- [Your goal]
Return the line containing "This is RD6024" together with every later line up to the end of the records, exactly and with no pictures; return nothing else.

- [Supplied data]
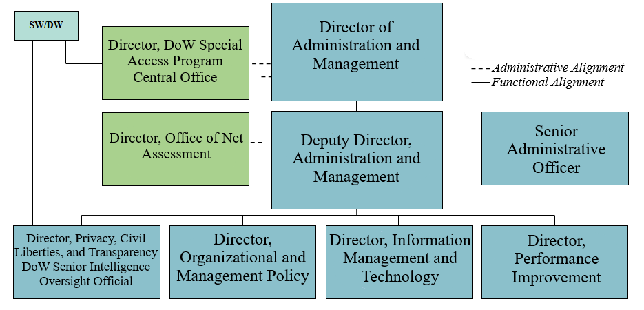 The Director of Administration and Management (DA&M) has three broad missions in support of the SecWar, DepSecWar, the Office of the Secretary of War, tenants of the Pentagon Reservation, and specified activities: (1) Principal Staff Assistant and advisor to the SecWar and DepSecWar on specified organizational, management, and administrative matters. (2) Administrative services agent in the National Capital Region (NCR) and senior official responsible for the Pentagon Reservation. (3) Security, law enforcement, and emergency management provider for the Pentagon, and designated DoW facilities in the NCR. The DA&M exercises authority, direction, and control over the ODA&M directors, Director of Washington Headquarters Services, and the Director of the Pentagon Force Protection Agency. The DA&M proactively engages partners and stakeholders in the management, governance, services, and continuity of operational functions of the DoW Headquarters.
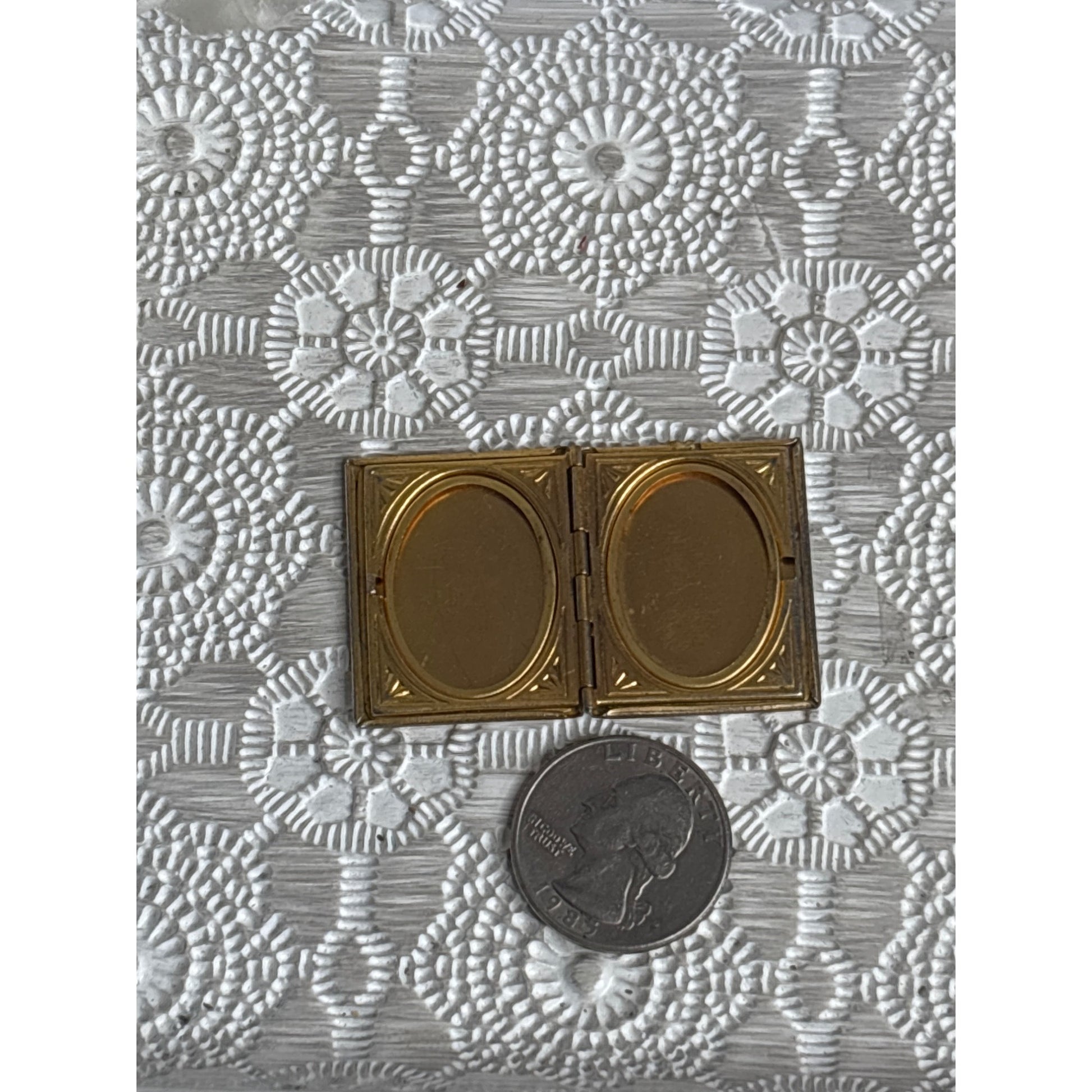 This antique book-style locket tells its story through every mark and faded edge. Once gleaming gold, it now carries the soft, weathered patina that only decades of handling and love can create. The front features delicately etched flowers and an oval frame, their details softened by time, creating a look that feels both romantic and real.
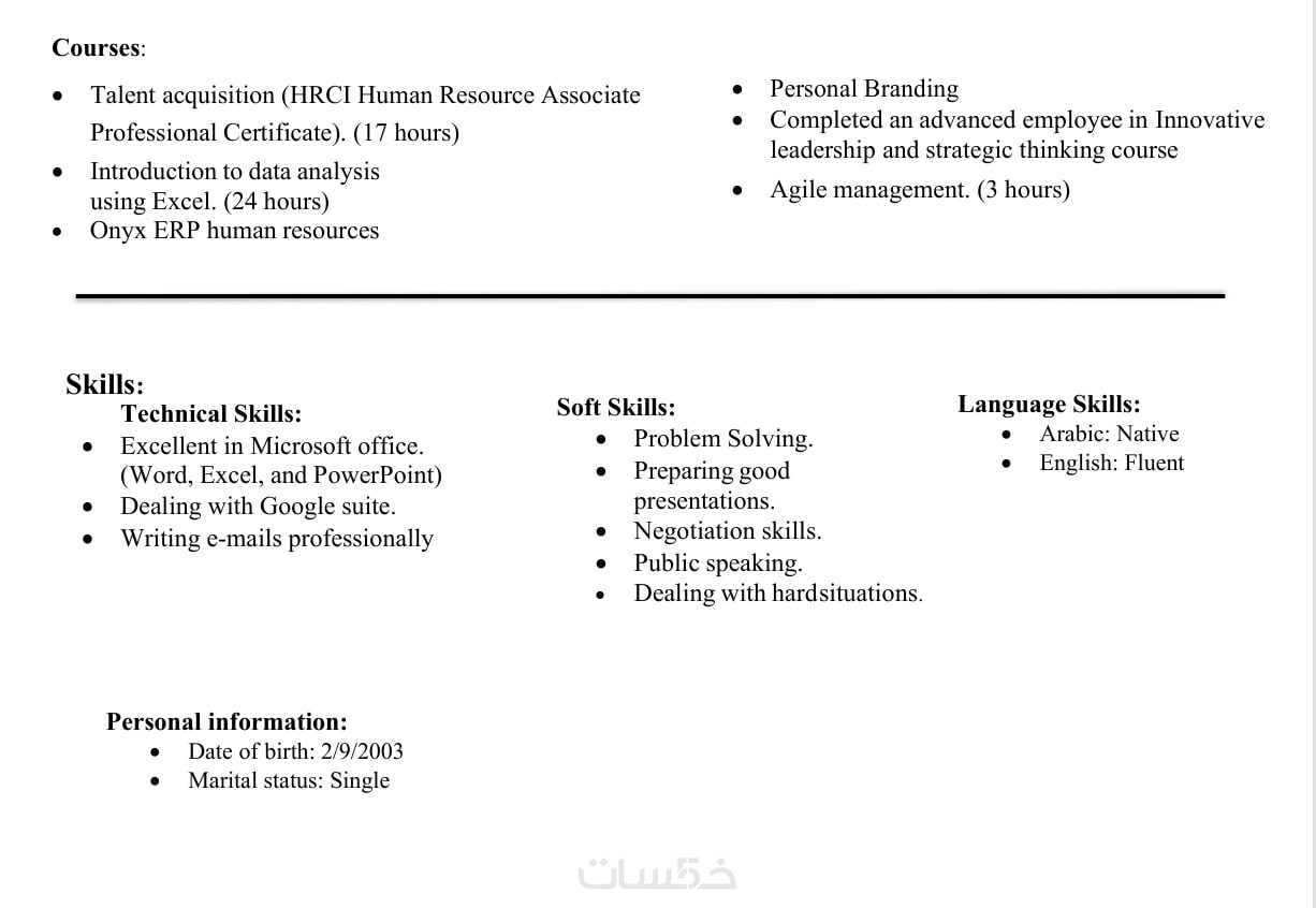 المهارات الشخصية والتقنية (سواء مهارات صلبة Hard Skills أو ناعمة Soft Skills).
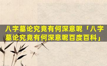 慰藉哀 🐕 思:八字墓论通过简洁的文字,表,达了生者对逝者的哀思和追忆寄托了对 🐋 后世的祈愿。
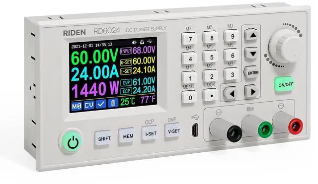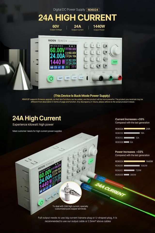 This is RD6024 DC to DC device, not RD6024-W, please notice the difference between them ^^ RD6024 only supports micro USB connection to PC software, no APP. ^^ The output voltage is 0- 60.00V, the output current is 0- 24.00A ^^ There is a backup fuse in the box, if you burn the fuse, you can insert the fuse in the socket next to the burned one for short time use and in 10A range, you still need to replace the damaged one if you want to use full range ^^ Integrated panel, you only need a shell and a AC-DC power source to form a powerful and adjustable power supply.
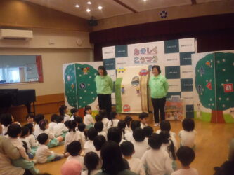 タレントの「さっぴょん」こと本谷紗己さんが「きいくんのこうつうあんぜん」の紙芝居を読んでくれました。車に閉じ込められたときにどうすればいいのかなと聞かれると「クラクションを鳴らす」「大声で叫ぶ」など考えたことを話す姿が見られました。

- [Response box]
 This is RD6024 DC to DC device, not RD6024-W, please notice the difference between them ^^ RD6024 only supports micro USB connection to PC software, no APP. ^^ The output voltage is 0- 60.00V, the output current is 0- 24.00A ^^ There is a backup fuse in the box, if you burn the fuse, you can insert the fuse in the socket next to the burned one for short time use and in 10A range, you still need to replace the damaged one if you want to use full range ^^ Integrated panel, you only need a shell and a AC-DC power source to form a powerful and adjustable power supply.
 タレントの「さっぴょん」こと本谷紗己さんが「きいくんのこうつうあんぜん」の紙芝居を読んでくれました。車に閉じ込められたときにどうすればいいのかなと聞かれると「クラクションを鳴らす」「大声で叫ぶ」など考えたことを話す姿が見られました。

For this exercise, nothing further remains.